Charlie Norton has lived in Wilkes-Barre with his wife for 40 years. He owns his house and rents out the unit next to him. He says he's tough on tenants.

"They lie to get in, and then when I find out, I'm right next door. I find out. I tell them they got to go," said Norton.

But not every landlord is like Norton. That's why Wilkes-Barre Mayor Tom Leighton is proposing to update a city ordinance. The city now has a three strike rule. That means there are three chances for a tenant to stay in an apartment if he or she is arrested for narcotics or illegal weapons.

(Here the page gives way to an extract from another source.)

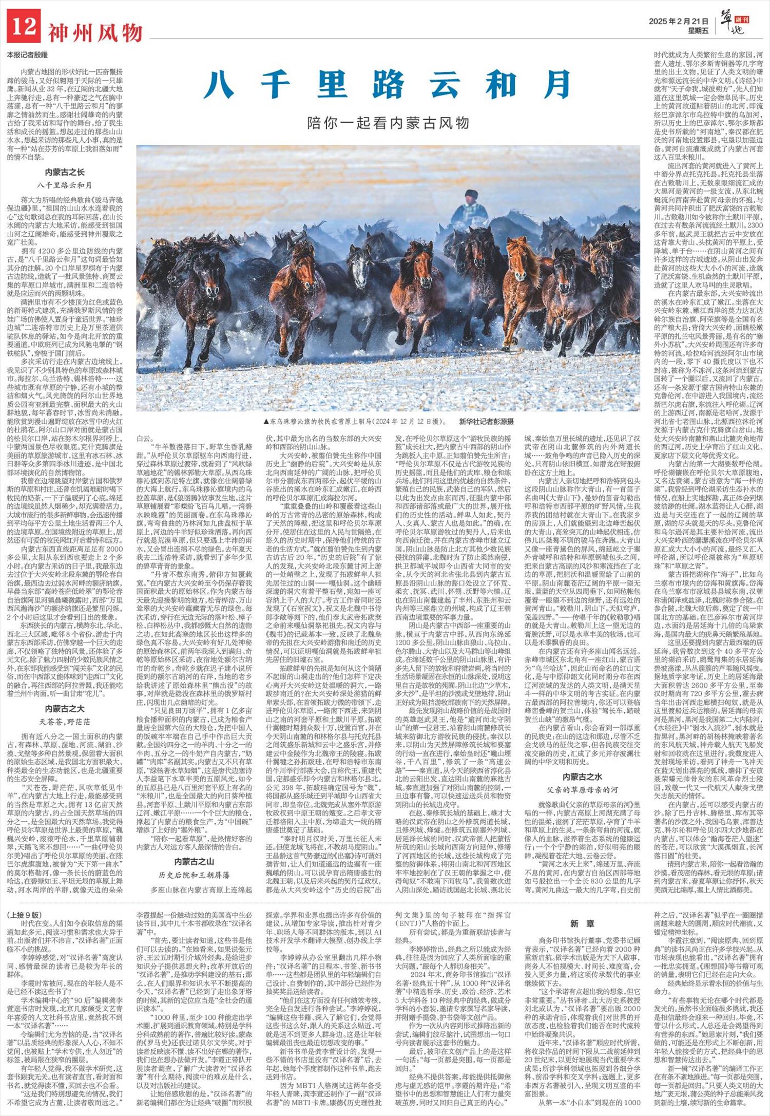 2025年2月21日《新華每日電訊》第12版整版刊發(fā)了《八千里路云和月 陪你一起看內(nèi)蒙古風(fēng)物》的文章,新聞從業(yè)32年,作者在遼闊的北疆大地上奔馳行走,感悟到內(nèi)蒙古的壯闊雄奇無(wú)處不在,一種“八千里路云和月”的寥廓之情油然而生。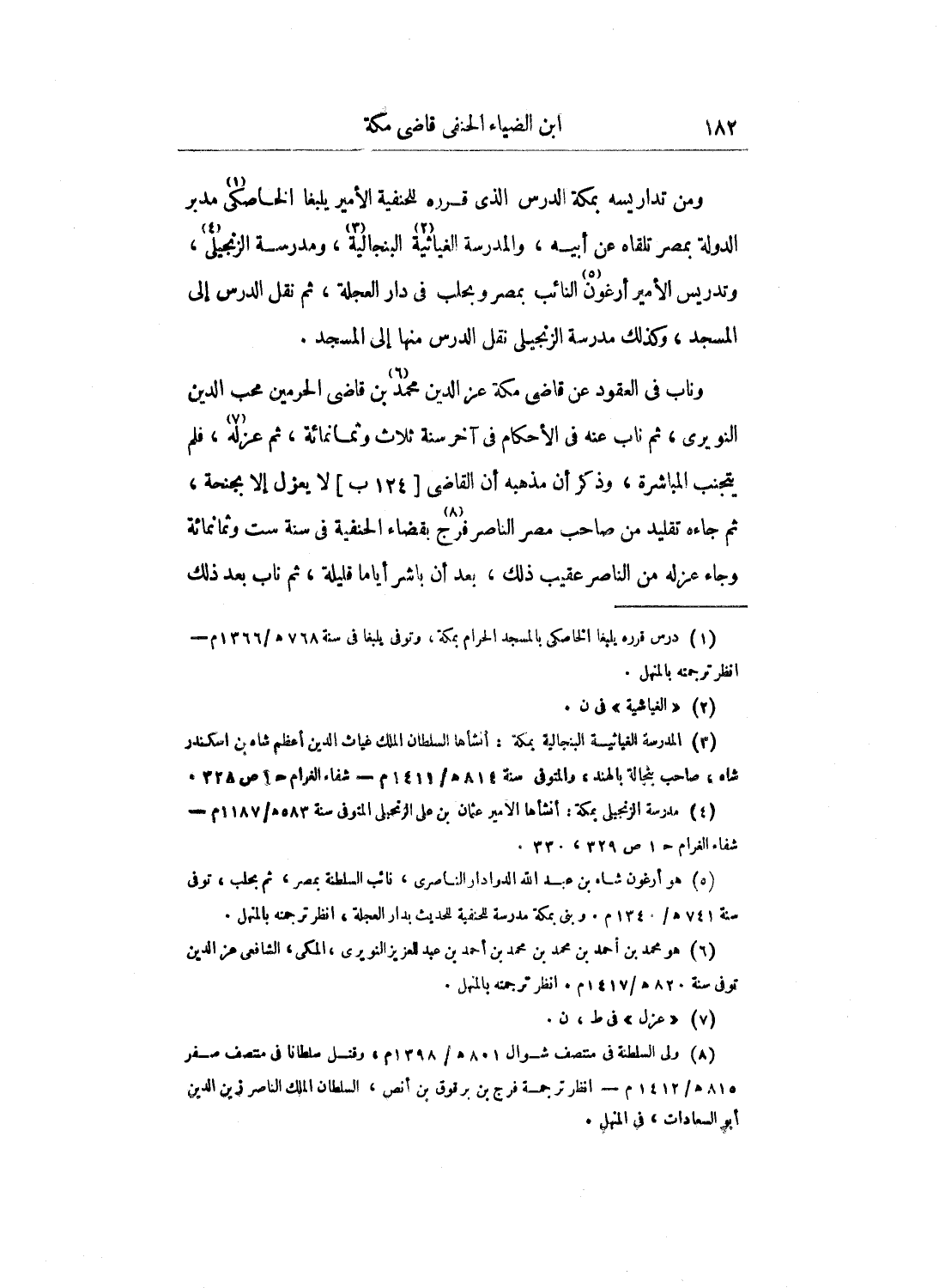وَكَانَ لا يناظر تعظيماً لفضيلته، بل تورد الأسئلة بَيْنَ يديه ثُمَّ يسمع مَا يجيب فِيهَا، وله تأليف عَلَى تراجم صحيح البخاري، وولي قضاء الإسكندرية وخطابتها مرتين، ودرس بعدة مدارس.

Now the city will vote to change that. One drug or weapon offense and you could be out of your apartment for six months.

"We are not looking to punish property owners. We're trying to keep up their property, recruit good tenants, and improve the quality of life in their neighborhoods," said Wilkes-Barre Mayor Tom Leighton.

In that six months, the space would be declared uninhabitable. That means no tenants and no rent checks for landlords. The city hopes this will force landlords and tenants to be more responsible.

Angela Diaz lives in the city and hopes the ordinance will help.

"You'll know where you're going when you go there because the landlords are going to be more strict as to who they rent their properties to," said Diaz.

Mayor Leighton says the police chief has doubled its anti-crime unit in the city. Since July 12, he says they've made 33 drug, weapon and prostitution arrests, including this drug arrest earlier this week.

Charlie Norton hopes the unit will enforce this new ordinance if passed.

"Years ago, if you didn't keep your property up, you would be arrested. You'd get a $500 fine and back and forth. Nobody does nothing," said Norton.

Wilkes-Barre City Council will vote twice on the ordinance, the first time at Tuesday night's meeting. If it passes, it will likely go into effect sometime next month.